Recurrent Neural Network (RNN)#

Human language is sequential. A word is a sequence of letters, a sentence is a sequence of words, and a paragraph is a sequence of sentences. One key aspect of human language is that the meaning of a word depends on the context. For example, the word “bank” has different meanings in the sentences “I went to the bank to deposit money.” and “I went to the bank to catch fish.” Human can understand the contextual nuance because they can maintain a “working memory” that captures information from previous words.
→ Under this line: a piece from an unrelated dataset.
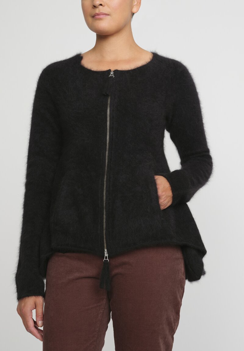 Rundholz Raccoon Hair Flared Zip Cardigan in Black

This is the core idea of Recurrent Neural Networks (RNNs).

The Core Idea#

Imagine reading a book while maintaining a “summary” in your mind that you update with each new sentence. This is similar to how RNNs work. Operationally, RNNs process a sequence of inputs \((x_1, x_2, \ldots, x_T)\) one at a time, updating a hidden state \(h_t\) that acts as a “working memory” that captures information from previous inputs.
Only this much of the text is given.